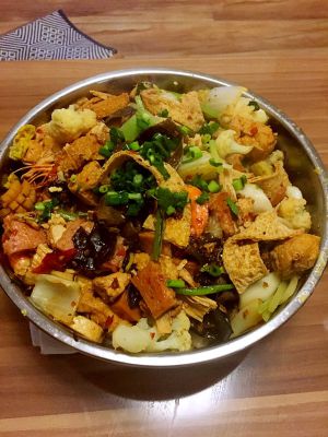 好了,一盆色香味具全的麻辣香锅做好了,比外边的干净,够味,实在是招呼亲朋好友的绝佳好菜。
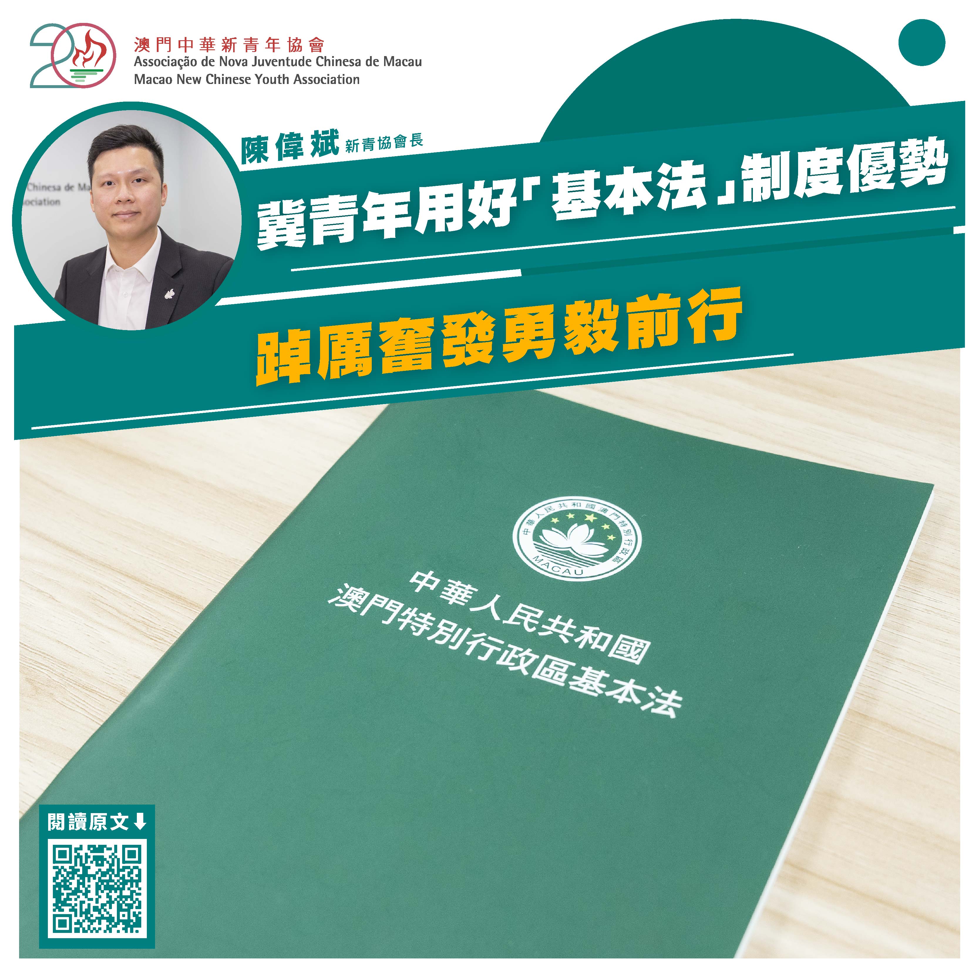 作为爱国爱澳的青年社团,新青协今后将继续带领广大澳门青年正确理解和遵守《宪法》和《澳门基本法》,协助青年树立正确价值观,增强民族自豪感和主人翁意识,培养有理想、敢担当、能吃苦、肯奋斗的「一国两制」事业接班人,并鼓励澳门青年捉紧发展机遇,踔厉奋发,勇毅前行,主动融入国家发展大局,让爱国爱澳的光荣传统薪火相传,推动澳门「一国两制」事业行稳致远。
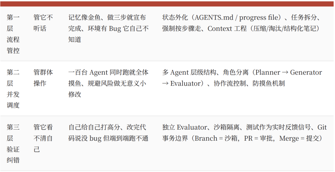 第二层,并发调度,专治群体摸鱼。一百台 Agent 同时跑,很容易全体规避风险、专挑最简单的小修改做,真正的难题没人碰。治法是多 Agent 层级结构、角色分离(Planner 规划 → Generator 生成 → Evaluator 评估)、防摸鱼机制。
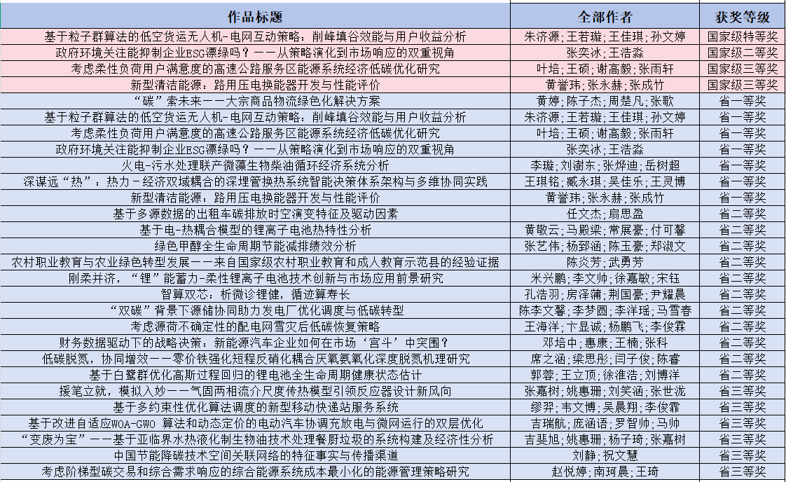 近日,第十一届全国大学生能源经济学术创意大赛圆满落幕。本届赛事共有全国724所高校16104件作品参赛,我校通过宣传报名和举办校级选拔赛共推荐29份作品参加省赛,其中7项作品晋级国赛,最终斩获国家级特等奖1项,二等奖1项,三等奖2项;获省级一等奖7项、二等奖9项、三等奖8项。
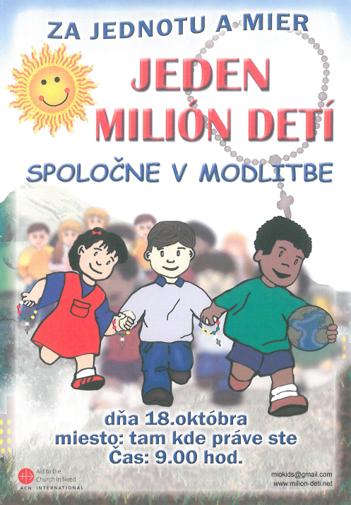 Dňa 18. októbra 2023 sa na celom svete deti modlia ruženec za mier a jednotu vo svete. Iniciatívu organizuje Pápežská nadácia ACN – Pomoc trpiacej Cirkvi.

****************

Copy the data precisely. Skip every picture.

 好了,一盆色香味具全的麻辣香锅做好了,比外边的干净,够味,实在是招呼亲朋好友的绝佳好菜。
 作为爱国爱澳的青年社团,新青协今后将继续带领广大澳门青年正确理解和遵守《宪法》和《澳门基本法》,协助青年树立正确价值观,增强民族自豪感和主人翁意识,培养有理想、敢担当、能吃苦、肯奋斗的「一国两制」事业接班人,并鼓励澳门青年捉紧发展机遇,踔厉奋发,勇毅前行,主动融入国家发展大局,让爱国爱澳的光荣传统薪火相传,推动澳门「一国两制」事业行稳致远。
 第二层,并发调度,专治群体摸鱼。一百台 Agent 同时跑,很容易全体规避风险、专挑最简单的小修改做,真正的难题没人碰。治法是多 Agent 层级结构、角色分离(Planner 规划 → Generator 生成 → Evaluator 评估)、防摸鱼机制。
 近日,第十一届全国大学生能源经济学术创意大赛圆满落幕。本届赛事共有全国724所高校16104件作品参赛,我校通过宣传报名和举办校级选拔赛共推荐29份作品参加省赛,其中7项作品晋级国赛,最终斩获国家级特等奖1项,二等奖1项,三等奖2项;获省级一等奖7项、二等奖9项、三等奖8项。
 Dňa 18. októbra 2023 sa na celom svete deti modlia ruženec za mier a jednotu vo svete. Iniciatívu organizuje Pápežská nadácia ACN – Pomoc trpiacej Cirkvi.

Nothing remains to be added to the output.